One day, a minor problem corrupted something and I found that getting back to earlier revisions of a file became impossible. A backup solution that doesn't have the ability to work around media failures was false security! Note: the program may have improved in this capability since then, but my feeling is once bitten twice shy.

I now use rsync exclusively with intelligent "--exclude" names such as "Cache/" and "core.*" etc. In addition, rsync "out of the box" has the capability to create incremental backups (--backup and --backup-dir). The incrementals are the directory structure and flat files containing the old values when they change. Using the correct rsync options to support extended attributes, it makes it easy to restore any version of a file on a granularity of 24 hours. I use the following backup directory naming convention:

/Volumes/Backup/FULL/...restOfPath
and
/Volumes/Backup/INCREMENTAL/$year/$month/$day/...restOfPath

The $year, $month, and $day are variables that hold the numeric values for the current date.

Of course, I now have a LOT of incremental files. When the directories are more than a month old, I use "gzip" to compress them to save space.

find /Volumes/Backup/INCREMENTAL/year/month -type f -print0 | xargs -0 gzip -9

I also use another system to back up the full and incrementals over the LAN to a backup system so that I have machine-independence (it's not 100% secure: a bad fire in my house will render both the main system and backup system useless, but I figure I have worse problems to worry about then). People might want to consider copying the incrementals to DVD or CD-RW discs.

Things to worry about are

  • Files that continue to grow (appended files). On Linux, for instance, and pre-Tiger OS X, mail files contain all mail messages appended to one another. Syslog files are like this also, except they do self-archive nowadays. This is not an effecient method to incrementally back up such files. I think rdiff-backup or even CVS might be more appropriate for those.
  • If you have Spotlight indexing on the backup volume, you might get bogus results. Turning off Spotlight for the backup volume isn't the right answer, either, since you might want to use Spotlight to find older versions of files sometime.
  • This requires scripting (perl, python) to work properly, and such scripts must be customized for your own use.

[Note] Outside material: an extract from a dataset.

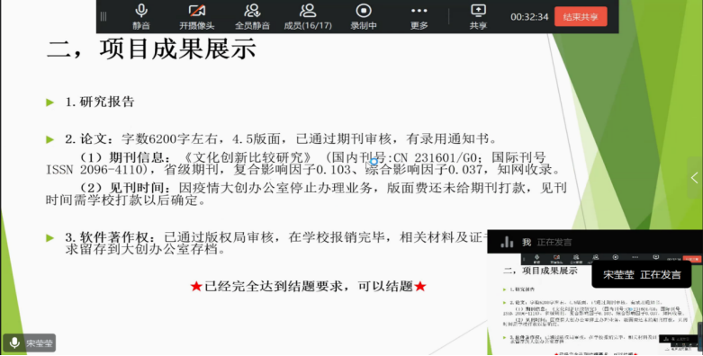 汇报概要:该项目为当前社会新生活背景下汉语方言对英语学习和使用产生的影响和成因分析,根据负责人汇报情况,项目研究的具体内容已呈现至论文且已被省级期刊录用、软件著作权也已经申请成功。该项目已完全达到结题要求,全体评审老师同意结题。

For people planning on using this technique, here's most of the command line that I use:

rsync -avEz --delete -delete-excluded --force --exclude=[...your own excludes] --ignore-errors --backup --backup-dir=/Volumes/Backup/INCREMENTAL/$year/$month/$day /Volumes/MySystemVolume/ /Volumes/Backup/FULL/

I do all this within a perl script and the command line is generated on the fly, but this is the gist of what's actually happening. When run at an opportune time by cron, it's a simple and rather portable solution.